The 24-year-old National Institute of Health fellow lives in a Bethesda house with five other nonessential NIH employees, and two weeks into the shutdown, the house has become unhinged, with everyone switching to a nocturnal schedule. One person has become physically ill, presumably from the furlough (though not, of course, from the day-drinking).
“It’s become this purposeless spiral,” he says. “Some of my [roommates] have become totally wayward souls.”
But Steel has found purpose through his furlough beard—which he’s dubbed Furry for the Furlough—a physical manifestation of his frustration and boredom during the government shutdown. (Steel, it’s worth noting, is still getting paid: His project is funded through a grant, which is still running, but he’s not allowed to go work on it.) On day 14 of the shutdown, he took some time out of his busy schedule to help City Desk dissect the meaning of a furlough beard. (This transcript has been condensed and edited for clarity.)
City Desk: Why did you decide to grow a beard?
Adam Steel: When I got to the NIH, I was kind of intermittently shaving on and off, and one day my boss was trying to describe what a bum looked like to one of our post-docs who was foreign and he said, “A bum is a person who has a beard like Adam.”My boss is a military type, and we work with a lot of military guys, so it is important to look nice. And immediately my beard came off and it never came back on. So this is sort of my silent protest. And a little bit of laziness.
CD: Some people would argue that since you are out of work, you should have more time than ever to shave. What would you say to these critics?
Steel: I like to think of it as I have more time than ever to let it grow. And no reason not to.
CD: Will you shave your beard before or after your first day of work back?
Steel: I will probably do one day of beard or one day of mustache and then shave it off. I’m still debating beard or mustache… They’re very different approaches.
CD: Have you done any trimming yet?
Steel: No. Well, I like to think no one likes the neck beard, that’s a bad look, so I’ve been keeping the neck shaved. But the face—it’s all natural.
CD: If your furlough beard could talk, what would it say?

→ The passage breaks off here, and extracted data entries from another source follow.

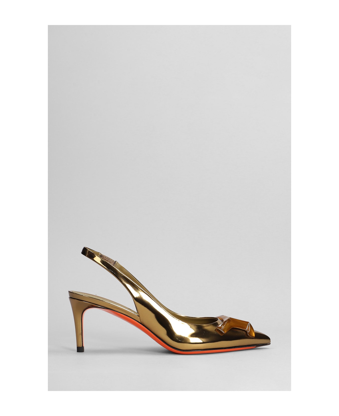 Gemmy Pumps in bronze leather, sling back, metal effetc, heel 75mm, leather sole, 100% leather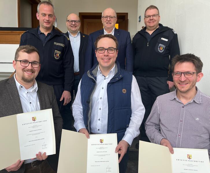 Kreis Altenkirchen. Lag der öffentliche Fokus beim Katastrophenschutz im Kreis Altenkirchen zuletzt durch die Anschaffung neuer Sirenen eher auf dem Material, so bedeutet dies nicht, dass der „Faktor Mensch“ als zweite wichtige Säule vernachlässigt wird. Vor diesem Hintergrund hat Landrat Dr. Peter Enders dieser Tage drei neue Organisatorische Leiter vereidigt: Marvin Würtz (Birken-Honigsessen), Steffen Nilius (Dauersberg) und Jonas Becker (Birnbach) sind nun offiziell Ehrenbeamte des Landkreises.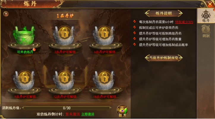 每次炼制丹药需要消耗一定时间(可消耗钻石加速),随丹炉品级提升最高可开启6个丹炉同时炼制。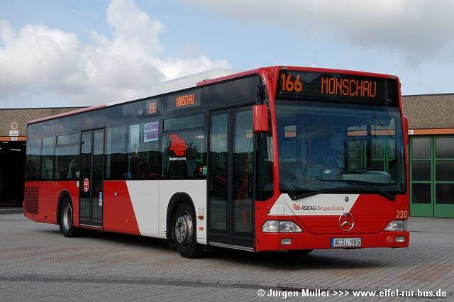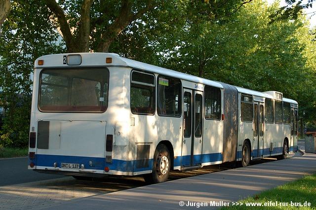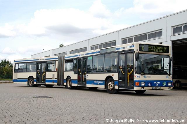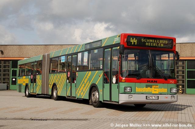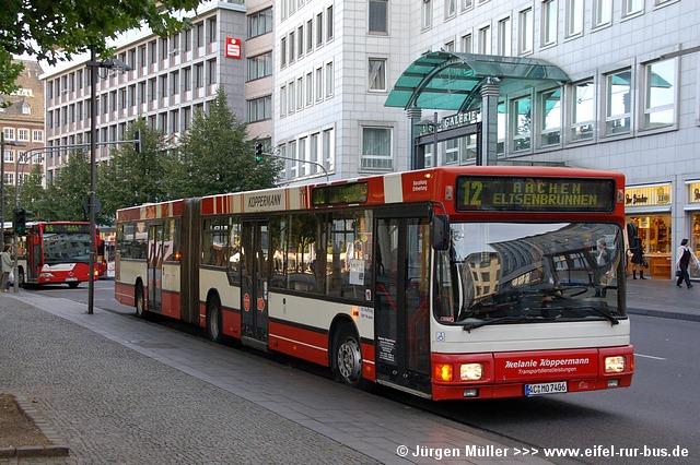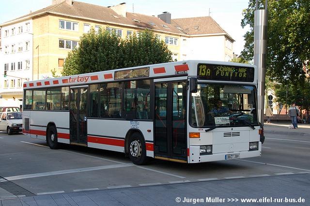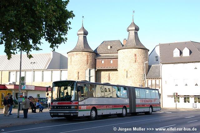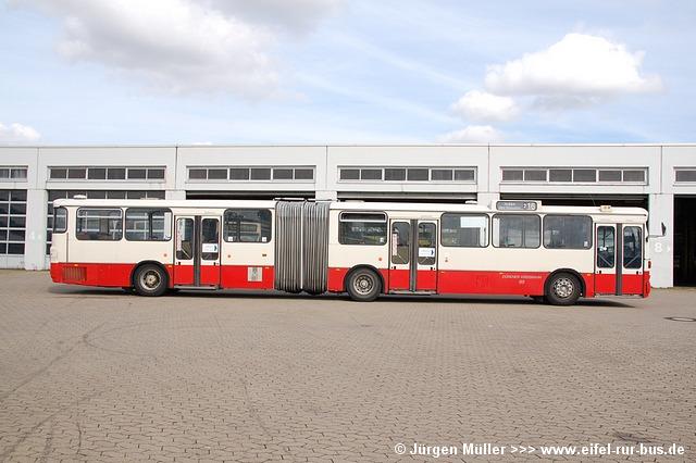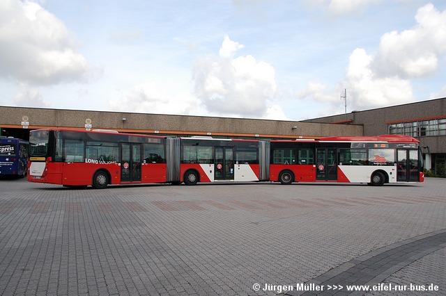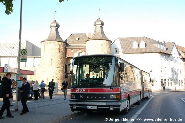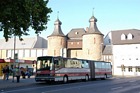 Die Rückfahrt erfolgte vom Lövenich-Betriebshof aus über Jülich, wo zunächst am Walramplatz vor Kulisse des Hexenturmes, einem Jülicher Wahrzeichen, ein Fotohalt eingelegt wurde. Anschließend wurde der Abstellplatz des DN-L 137 von Lövenich (MAN SG 240 H) angefahren, so dass an diesem Tag alle Standard-I-Fahrzeuge von Lövenich-Reisen fotografiert werden konnten. Nun ging die Fahrt weiter ins Gewerbegebiet Aldenhoven, wo ein letzter Fotohalt für eine Portraitaufnahme des RVE-Gelenkbusses eingelegt wurde. Von hier aus führte die Fahrt dann über die Autobahn nach Aachen zunächst zum Hauptbahnhof und wieder zum ASEAG-Zentralbetriebshof. |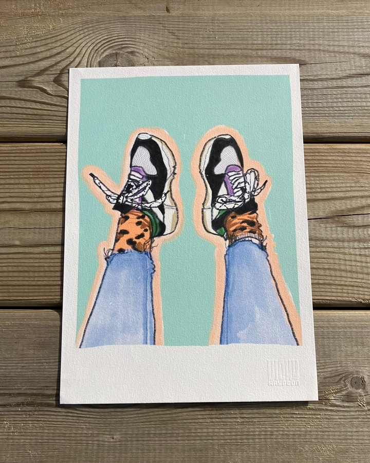 Une affiche au look urbain et décalé avec cette paire de sneakers hyper cool.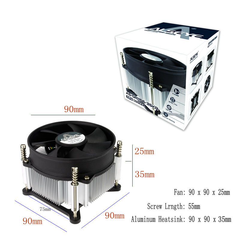 ALSEYE CPU Air Cooler Fan TDP 95W Heatsink Cooler with 90mm 4pin PWM Cooling Fan 900-2400RPM for LGA 1155/1150/1151/1156/i3/i5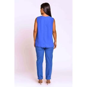 Blusa Regata em Viscose, possui decote em V com detalhe em corrente e pequenas aberturas dos lados A Blusa regata em viscose é uma peça que combina com tudo, ótimo para usar em dias quentes, confortável, super versátil. Pode ser usada com jaquetas e carrega leveza. Código do Produto: 222234600205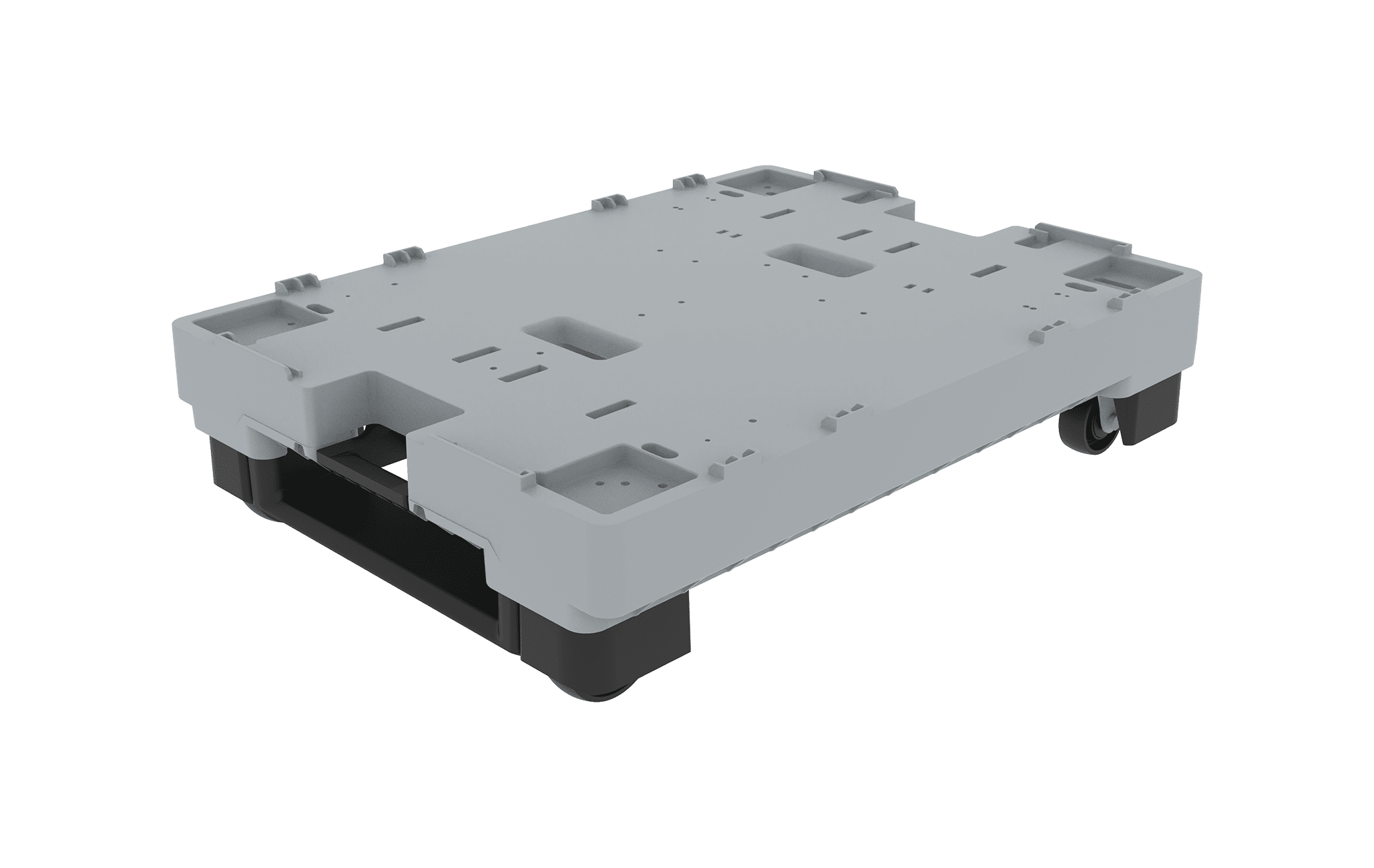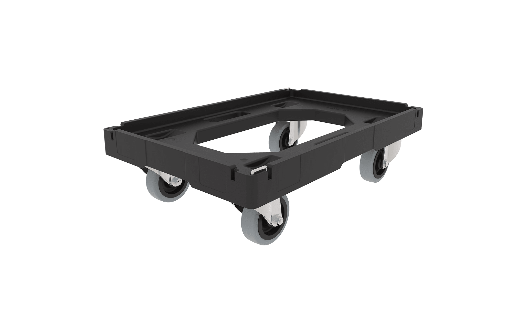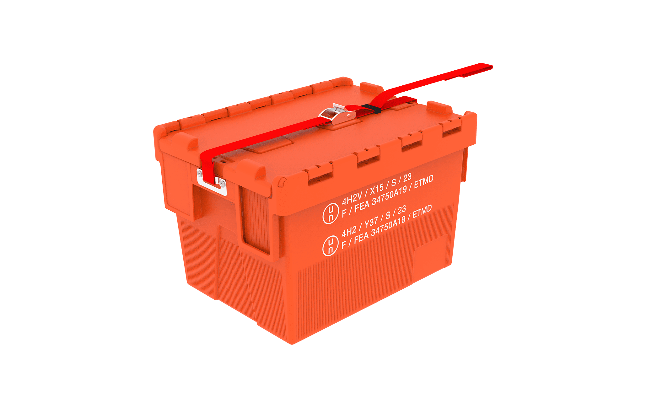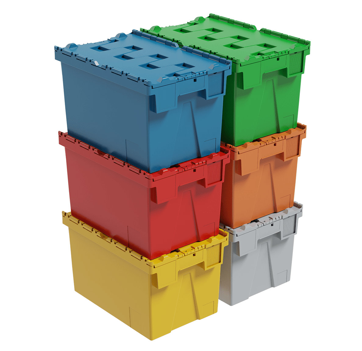 attached lid containers in multiple sizes, designed for secure, stackable, and reusable transit solutions across manual and automated logistics systems

Steel: That’s a tough question. Well, I’m thinking of shaving it all off and sending it to my senator after the shutdown, as if to say, “Thank you for ending this.” So it will have something to say.
CD: You said you once participated in No Shave November one year. Has your activism gone beyond facial hair yet?
Steel: This is my first real go at a silent protest. I like to keep it non-violent.
CD: It’s probably easier than a hunger strike.
Steel: I don’t know if I could do a hunger strike, but beard growth—it doesn’t hurt me, it doesn’t hurt anyone else, it’s just there.
CD: I see you’re scratching it a lot? Is it itchy?
Steel: I was hoping the government shutdown would end after one week when it started itching, but I’m getting through that phase now and I feel like I could go on almost indefinitely.
CD: What do you think week three will look like?
Steel: If we get to a month, it will be nice and full, something I can take home to Thanksgiving. [Note: Steel says does not hope the shutdown continues.]
CD: How do you think the beard has helped you during the shutdown?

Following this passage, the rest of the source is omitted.